When Batman arrived on the TV scene, in 1966, several Signet paperbacks were released featuring stories mostly from the 1950s. With the exception of an edited version of his origin story,from Batman's first issue,(which I had read in The Great Comic Book Heroes) the four stories featured in his first paperback, the red one below,  were all from the 1950s. There was still no Batman with a gun! The printing was not great, the black and white (no color) panels were often a bit blurred. Signet and DC were owned by the same company.




  
Of course if Batman went Signet, could Superman be far behind? But even the Superman story,that was billed as the “original” story of how Superman began, was from the 1950s.  So DC was giving me a taste of their Golden Age, but not a full course.

  
And Toto too?





Marvel countered with paperbacks from Lancer Publishing. The stories were all in black and white and a bit hard to read.

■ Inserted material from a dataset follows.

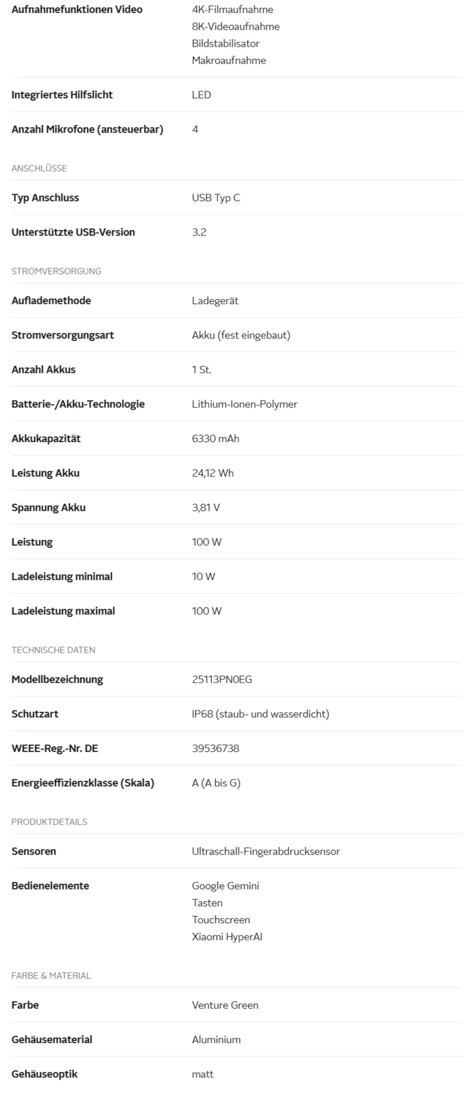 Die Specs des Xiaomi 17 dürften ja bereits durch den China-Launch beziehungsweise unseren Testbericht bekannt sein. Einige Highlights nennt auch das globale Renderbild von Xiaomi, etwa den Snapdragon 8 Elite Gen 5, das dynamische 6,3 Zoll Display mit 1 Hz bis 120 Hz Refreshrate sowie das Leica Summilux Objektiv. Wie bereits vorab durch Leaks enthüllt wurde, bietet der Akku im globalen Modell 6.330 mAh, das ist weniger als die 7.000 mAh der China-Variante. Der Akku lädt mit bis zu 100 Watt über ein USB-PD Netzteil, lieferbar ist das Xiaomi 17 laut Händler in drei Wochen. Das dürfte allerdings nicht ab jetzt gelten sondern ab dem offiziellen Launchdatum, wenn auch die Händlerseite regulär zugänglich sein wird. Sofern das Xiaomi 17 also zum Start des Mobile World Congress am 1. März gelauncht wird, ist wohl mit einer Verfügbarkeit ab dem 23. März auszugehen. Wir haben übrigens überprüft, ob die Produktseite beim Händler noch online ist und im Internet-Archiv zu finden ist. Beides ist nicht der Fall, bei Google ist aber mittlerweile ein neuer Leak zu finden, der explizit die grüne Farboption betrifft: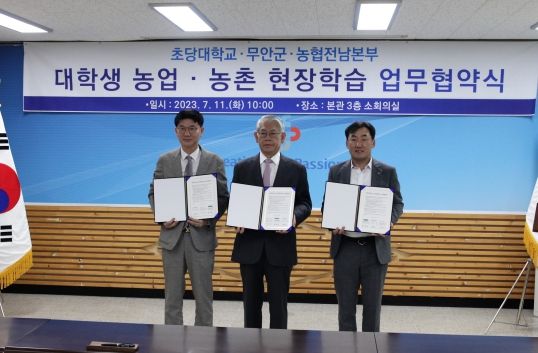 이날 협약식은 김성훈 무안부군수, 박종구 초당대학교총장, 박종탁 전남농협본부장 등이 참석한 가운데, 업무협약서 서명 교환 등으로 진행됐다.

However, they were distributed in local bookstores and were, for many people, their introduction to Marvel. The volumes featured Thor, Spider-Man, The Hulk, Daredevil and The Fantastic Four, in stories from the early 1960s. There was nothing from Marvel’s Golden Age past. Sigh!




Years later, Marvel put out color paperbacks.





 


                           
Marvel soon featured new paperback novels featuring the Marvel Characters. The Bantam Captain America was a great book, giving Cap a back-story that he never had in the comics. It was written by famous editor and writer Ted White. The Avengers story by Otto Binder was very light and not much fun.

                                 
Archie Comics was getting onto the bandwagon. With stories by Jerry Siegel, the co-creator of Superman, they copied Marvel and released their own super-heroes. Notice the words Superman and Marvel on the cover.
 



Whatever happened to the comic book?


The decade, for me, seems to end where it began, with a stray book about comics in the bookstore, in the “HUMOR” section.  In 1967, next the paperbacks of Peanuts and Pogo, was the trade paperback of George Perry’s The Penguin Book Of Comics

It asked the question, “Whatever happened to the comic book?”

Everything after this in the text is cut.